Ефрейтор Биркгольц приплелся к костру от своей одинокой сосны — через пять минут обеденный перерыв, каждую минуту может подъехать походная кухня, а свою посылку он почти уже обдумал. Столяр Биркгольц с Берлинерштрассе в Эберсвальде прислоняет винтовку к дереву и протягивает руки к огню. Он присаживается на кучку досок: русские, потеснившись, дают ему место.
— Дождь? Еще придется подождать, пока начнутся дожди. Уж поверь мне. Ветер каждый вечер так воет, что кажется, бараки взлетят в воздух, никак не уснуть. А рано утром небо опять чистое, словно праздничная скатерть у мамаши. Так-то, русский!
Гриша голыми руками кладет пылающий уголек на табак и попыхивает своей трубкой. Алеша стоит рядом и смущенно улыбается. Все умолкли. Слышен только шум и треск костра. Слова Биркгольца затронули у всех без исключения самое чувствительное место: тоску по родине. Все они, уже пожилые люди, на годы оторванные от обычного образа жизни и от близких, больны тоской по родине.
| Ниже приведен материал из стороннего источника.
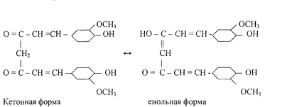 Краситель куркумин (желтого цвета) в растворах может существовать в двух таутомерных формах - кетонной и енольной, находящихся в равновесии:

Но, поскольку это чувство стало как бы неотъемлемой частью их души, центром жизненных интересов, они сами замечают его в себе лишь изредка, ст случая к случаю. Каждый из них, не задумываясь, отправился бы немедля домой, если бы душевная заторможенность и внешние препятствия, созданные вокруг них, были бы не столь сильны. Подобно Одиссею, возвращавшемуся на родину после Троянской войны, они готовы были пройти через все опасности скитаний, притягиваемые родиной, словно магнитом, и уверенные в том, что обязательно доберутся до дому.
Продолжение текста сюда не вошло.